JavaScript (ES6), 102 82 80 86 80 bytes

Bug fix and 1 byte saved thanks to @edc65

(a,m)=>eval("for(i=0;m;a[j=i-1]>(b=a[i])?a[a[i]=a[j],j]=b:0)1/a[++i]?m--:i=0;a")

Recursion may not be is definitely not is probably the best approach, but I'm sticking with a loop for now.

Try it out:

f=(a,m)=>eval("for(i=0;m;a[j=i-1]>(b=a[i])?a[a[i]=a[j],j]=b:0)1/a[++i]?m--:i=0;a")

Enter your numbers:<br>
<input id=A rows=10 value="5 1 4 2 8"><br>
Enter the number of steps:<br>
<input type="number" min=0 id=B rows=10 value="1"><br>
<button onclick="C.innerHTML=f((A.value.match(/-?\d+/g)||[]).map(Number),B.value)">Run</button><br>
<pre id=C></pre>

Haskell, 83 82 81 bytes

y%x@(a:b:c)=(y++x):(y++[min a b])%(max a b:c)
y%x=[]%(y++x)
[x]!_=[x] 
x!n=[]%x!!n

Usage example: [5,1,4,2,8] ! 5 -> [1,4,2,5,8].

In function % y keeps track of the elements visited so far during the current pass, x are ones yet to examine. a and b are the next two, i.e. the candidates to swap.
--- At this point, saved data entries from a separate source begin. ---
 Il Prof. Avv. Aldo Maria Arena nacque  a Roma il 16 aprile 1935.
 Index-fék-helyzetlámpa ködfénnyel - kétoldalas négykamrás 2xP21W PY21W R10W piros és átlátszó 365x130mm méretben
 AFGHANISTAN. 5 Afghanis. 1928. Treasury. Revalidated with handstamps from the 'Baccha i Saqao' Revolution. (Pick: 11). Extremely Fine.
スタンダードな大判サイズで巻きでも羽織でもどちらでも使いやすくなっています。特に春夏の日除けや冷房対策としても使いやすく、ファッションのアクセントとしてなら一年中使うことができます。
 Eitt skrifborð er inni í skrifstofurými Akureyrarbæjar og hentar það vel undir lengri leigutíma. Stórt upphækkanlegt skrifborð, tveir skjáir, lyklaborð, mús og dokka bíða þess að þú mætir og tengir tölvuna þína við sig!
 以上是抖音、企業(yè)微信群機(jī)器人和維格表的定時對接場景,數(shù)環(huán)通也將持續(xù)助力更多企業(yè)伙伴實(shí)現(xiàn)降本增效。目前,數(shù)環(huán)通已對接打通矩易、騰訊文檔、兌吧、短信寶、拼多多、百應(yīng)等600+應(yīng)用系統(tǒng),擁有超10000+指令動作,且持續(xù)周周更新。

If we reach the end of the list, we start from the beginning: y%x = []%(y++x). All steps are stored in a list where the main function picks the nth element.
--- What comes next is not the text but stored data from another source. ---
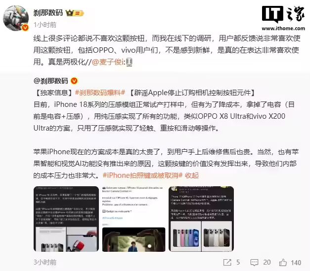 不过 @刹那数码 给出了不同的说法,他强调 iPhone 18 系列的压感模组正常试产打样中。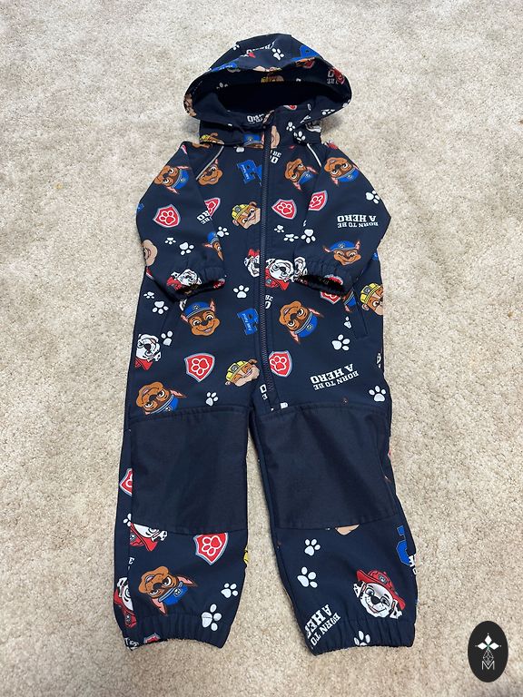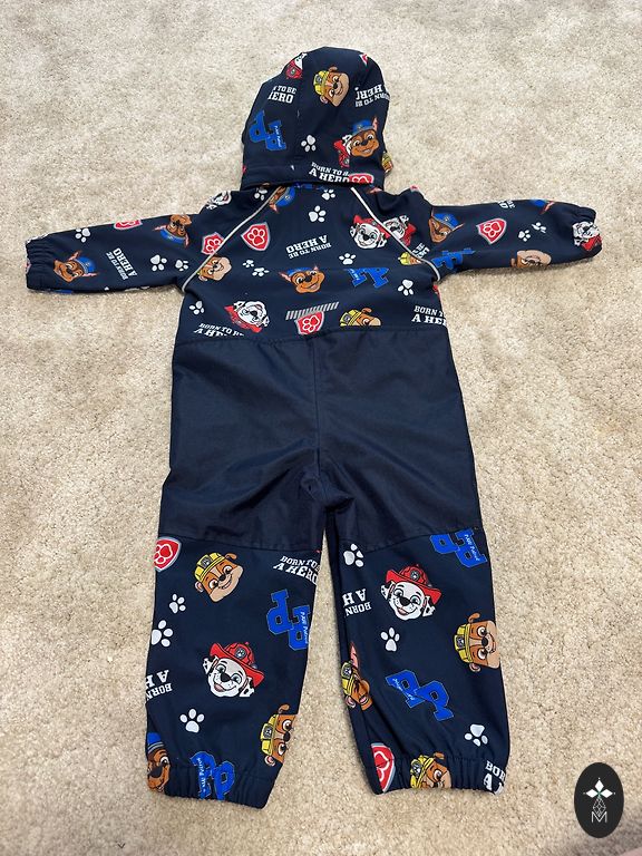 The jumpsuit is thin, waterproof, with insulation in the shoulder area. The legs can be extended, growing with the child.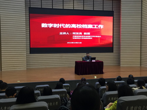 10月21日上午,天津市高校2016年档案专家学术报告会在天津财经大学举行。档案管理中心主任赵树从等三人参加了本次会议。会议邀请中国高等教育学会档案工作分会会长、华南师范大学档案馆馆长柯友良教授做了关于“数字时代的高校档案工作”学术报告。

Edit: previous versions didn't work for single element lists, luckily the new version is even shorter.

Python 3, 77 74 bytes

-3 bytes thanks to @Maltysen (init j in declaration)
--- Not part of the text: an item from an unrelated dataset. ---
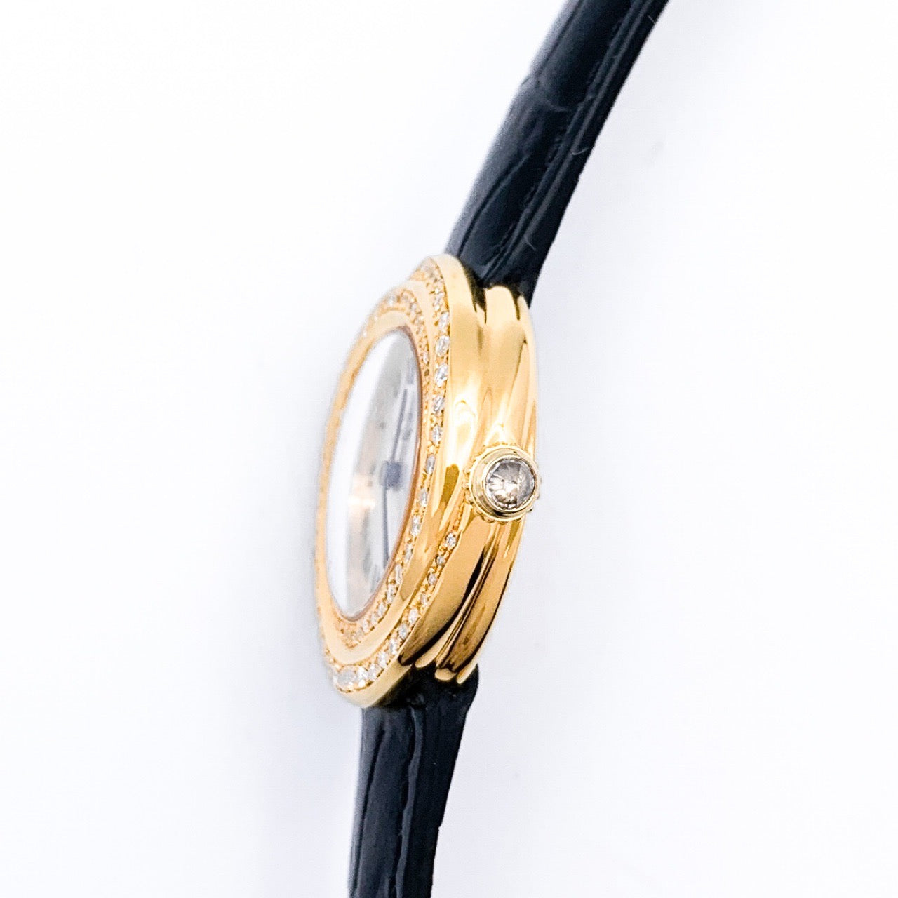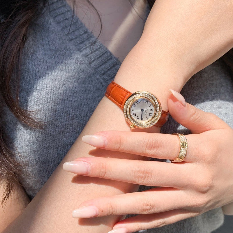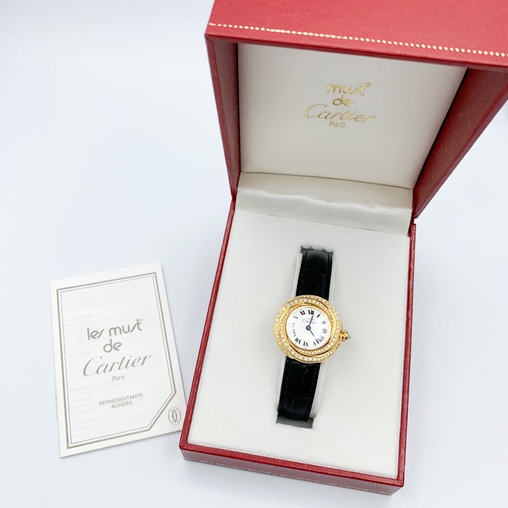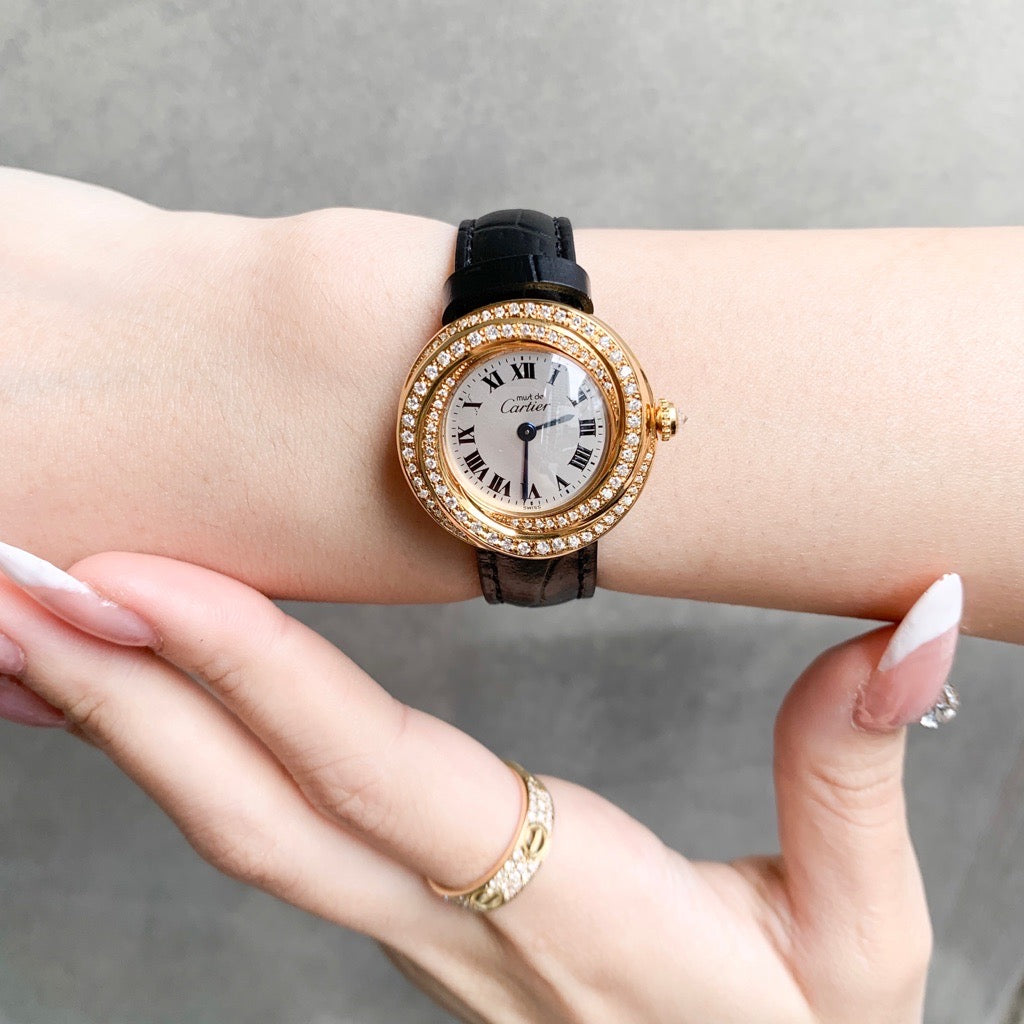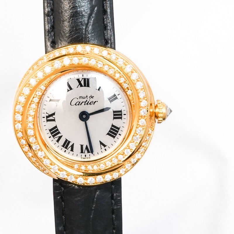 This watch collection was created in 1997 and incorporates the symbolic design of Cartier's iconic jewelry, the Trinity. The three-ring spiral structure is beautiful, and the diamonds give off an elegant shine. Our craftsmen and first-class watch repair technicians have replaced the battery, inspected the watch, and finished the exterior, so you can use it with peace of mind.

lambda l,n,j=0:exec('j*=j<len(l)-1;l[j:j+2]=sorted(l[j:j+2]);j+=1;'*n)or l

Test cases at ideone

Uses sorted to do each compare and swap operation, but it is performing a bubble sort.

Sets j=0 (the left index), then performs n compare and swaps of adjacent list items, resetting j to 0 whenever this window goes out of bounds.

The j*=j<len(l)-1 will multiply j by False (i.e. 0) at that point, whereas every other time it will multiply j by True (i.e. 1).

(It will still work for an empty list too.)